• _What is needed_:
Could you restate word for word every line of the records below, from the first one to the one holding "Der lösemittelhaltige DACHPROTECT"?

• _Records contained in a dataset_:
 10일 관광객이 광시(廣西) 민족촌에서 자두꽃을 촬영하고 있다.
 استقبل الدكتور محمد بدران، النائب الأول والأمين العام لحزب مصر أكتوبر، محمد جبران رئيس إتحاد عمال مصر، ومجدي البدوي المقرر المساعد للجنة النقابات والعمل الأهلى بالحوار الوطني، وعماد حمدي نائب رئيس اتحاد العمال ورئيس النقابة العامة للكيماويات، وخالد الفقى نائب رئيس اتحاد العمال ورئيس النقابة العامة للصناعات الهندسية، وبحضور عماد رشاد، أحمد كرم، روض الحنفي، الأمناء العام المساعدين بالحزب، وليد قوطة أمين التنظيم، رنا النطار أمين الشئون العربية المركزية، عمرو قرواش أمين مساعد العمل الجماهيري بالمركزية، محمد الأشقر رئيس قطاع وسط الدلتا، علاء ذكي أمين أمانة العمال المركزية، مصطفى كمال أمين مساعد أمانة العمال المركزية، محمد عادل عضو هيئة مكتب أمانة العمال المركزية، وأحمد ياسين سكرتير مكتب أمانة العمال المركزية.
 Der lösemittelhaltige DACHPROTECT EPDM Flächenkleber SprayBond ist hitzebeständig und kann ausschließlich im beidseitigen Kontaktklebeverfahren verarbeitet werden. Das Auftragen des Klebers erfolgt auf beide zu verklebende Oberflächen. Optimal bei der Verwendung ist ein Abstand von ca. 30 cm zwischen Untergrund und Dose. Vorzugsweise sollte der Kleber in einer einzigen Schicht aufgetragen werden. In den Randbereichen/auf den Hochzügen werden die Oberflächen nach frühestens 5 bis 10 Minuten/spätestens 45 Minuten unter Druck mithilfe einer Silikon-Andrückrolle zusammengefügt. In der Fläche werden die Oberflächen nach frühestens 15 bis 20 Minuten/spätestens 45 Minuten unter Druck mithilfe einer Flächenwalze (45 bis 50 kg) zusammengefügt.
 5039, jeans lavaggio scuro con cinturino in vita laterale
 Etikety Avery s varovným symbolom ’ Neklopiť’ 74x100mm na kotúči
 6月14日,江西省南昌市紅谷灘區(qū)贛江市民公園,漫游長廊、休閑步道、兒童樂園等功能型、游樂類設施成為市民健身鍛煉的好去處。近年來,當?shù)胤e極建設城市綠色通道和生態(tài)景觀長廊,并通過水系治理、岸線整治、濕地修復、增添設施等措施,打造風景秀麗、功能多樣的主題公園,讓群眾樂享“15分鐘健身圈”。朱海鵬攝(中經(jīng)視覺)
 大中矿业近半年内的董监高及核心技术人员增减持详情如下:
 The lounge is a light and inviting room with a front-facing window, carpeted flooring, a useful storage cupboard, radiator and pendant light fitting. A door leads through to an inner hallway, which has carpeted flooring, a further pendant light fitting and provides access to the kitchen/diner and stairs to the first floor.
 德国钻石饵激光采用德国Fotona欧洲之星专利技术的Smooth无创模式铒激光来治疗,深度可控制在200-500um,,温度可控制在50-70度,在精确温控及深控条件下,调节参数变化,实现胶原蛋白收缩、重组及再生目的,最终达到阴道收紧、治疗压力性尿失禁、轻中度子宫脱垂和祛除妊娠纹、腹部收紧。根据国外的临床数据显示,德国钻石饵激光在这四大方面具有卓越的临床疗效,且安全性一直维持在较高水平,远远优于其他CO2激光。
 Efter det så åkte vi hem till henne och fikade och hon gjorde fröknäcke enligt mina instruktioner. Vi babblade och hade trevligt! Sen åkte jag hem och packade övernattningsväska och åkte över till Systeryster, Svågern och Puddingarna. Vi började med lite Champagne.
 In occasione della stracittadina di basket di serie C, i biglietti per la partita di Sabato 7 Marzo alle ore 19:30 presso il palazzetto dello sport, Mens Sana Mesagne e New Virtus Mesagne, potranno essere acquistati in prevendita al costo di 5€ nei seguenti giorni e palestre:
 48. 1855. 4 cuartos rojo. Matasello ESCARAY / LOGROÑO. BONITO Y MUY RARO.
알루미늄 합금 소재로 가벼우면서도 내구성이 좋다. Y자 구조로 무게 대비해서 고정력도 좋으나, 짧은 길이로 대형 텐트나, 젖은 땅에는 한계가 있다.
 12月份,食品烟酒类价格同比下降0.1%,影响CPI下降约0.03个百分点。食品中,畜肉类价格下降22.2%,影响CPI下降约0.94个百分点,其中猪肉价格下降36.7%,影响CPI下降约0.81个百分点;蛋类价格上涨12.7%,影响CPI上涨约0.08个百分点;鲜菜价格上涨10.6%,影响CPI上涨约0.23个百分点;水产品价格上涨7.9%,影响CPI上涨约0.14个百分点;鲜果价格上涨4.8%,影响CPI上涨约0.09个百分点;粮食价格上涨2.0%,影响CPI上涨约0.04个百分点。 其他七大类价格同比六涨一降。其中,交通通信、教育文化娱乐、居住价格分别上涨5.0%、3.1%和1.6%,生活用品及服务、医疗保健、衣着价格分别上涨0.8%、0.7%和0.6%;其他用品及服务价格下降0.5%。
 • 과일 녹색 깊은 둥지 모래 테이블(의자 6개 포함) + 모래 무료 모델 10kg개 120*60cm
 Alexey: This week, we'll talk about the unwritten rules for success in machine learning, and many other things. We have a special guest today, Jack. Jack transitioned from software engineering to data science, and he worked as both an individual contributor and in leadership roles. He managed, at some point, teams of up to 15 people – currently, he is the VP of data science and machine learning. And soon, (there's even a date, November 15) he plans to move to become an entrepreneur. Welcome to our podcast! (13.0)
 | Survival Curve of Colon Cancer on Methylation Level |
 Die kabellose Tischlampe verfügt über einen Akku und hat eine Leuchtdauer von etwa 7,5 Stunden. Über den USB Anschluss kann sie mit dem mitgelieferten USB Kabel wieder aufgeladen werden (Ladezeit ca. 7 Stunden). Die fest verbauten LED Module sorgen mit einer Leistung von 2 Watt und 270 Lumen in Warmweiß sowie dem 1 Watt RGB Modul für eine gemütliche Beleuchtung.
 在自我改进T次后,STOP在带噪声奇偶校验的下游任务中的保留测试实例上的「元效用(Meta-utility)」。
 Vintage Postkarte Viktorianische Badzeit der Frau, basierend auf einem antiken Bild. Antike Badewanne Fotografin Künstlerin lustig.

• _Output for this exercise_:
 10일 관광객이 광시(廣西) 민족촌에서 자두꽃을 촬영하고 있다.
 استقبل الدكتور محمد بدران، النائب الأول والأمين العام لحزب مصر أكتوبر، محمد جبران رئيس إتحاد عمال مصر، ومجدي البدوي المقرر المساعد للجنة النقابات والعمل الأهلى بالحوار الوطني، وعماد حمدي نائب رئيس اتحاد العمال ورئيس النقابة العامة للكيماويات، وخالد الفقى نائب رئيس اتحاد العمال ورئيس النقابة العامة للصناعات الهندسية، وبحضور عماد رشاد، أحمد كرم، روض الحنفي، الأمناء العام المساعدين بالحزب، وليد قوطة أمين التنظيم، رنا النطار أمين الشئون العربية المركزية، عمرو قرواش أمين مساعد العمل الجماهيري بالمركزية، محمد الأشقر رئيس قطاع وسط الدلتا، علاء ذكي أمين أمانة العمال المركزية، مصطفى كمال أمين مساعد أمانة العمال المركزية، محمد عادل عضو هيئة مكتب أمانة العمال المركزية، وأحمد ياسين سكرتير مكتب أمانة العمال المركزية.
 Der lösemittelhaltige DACHPROTECT EPDM Flächenkleber SprayBond ist hitzebeständig und kann ausschließlich im beidseitigen Kontaktklebeverfahren verarbeitet werden. Das Auftragen des Klebers erfolgt auf beide zu verklebende Oberflächen. Optimal bei der Verwendung ist ein Abstand von ca. 30 cm zwischen Untergrund und Dose. Vorzugsweise sollte der Kleber in einer einzigen Schicht aufgetragen werden. In den Randbereichen/auf den Hochzügen werden die Oberflächen nach frühestens 5 bis 10 Minuten/spätestens 45 Minuten unter Druck mithilfe einer Silikon-Andrückrolle zusammengefügt. In der Fläche werden die Oberflächen nach frühestens 15 bis 20 Minuten/spätestens 45 Minuten unter Druck mithilfe einer Flächenwalze (45 bis 50 kg) zusammengefügt.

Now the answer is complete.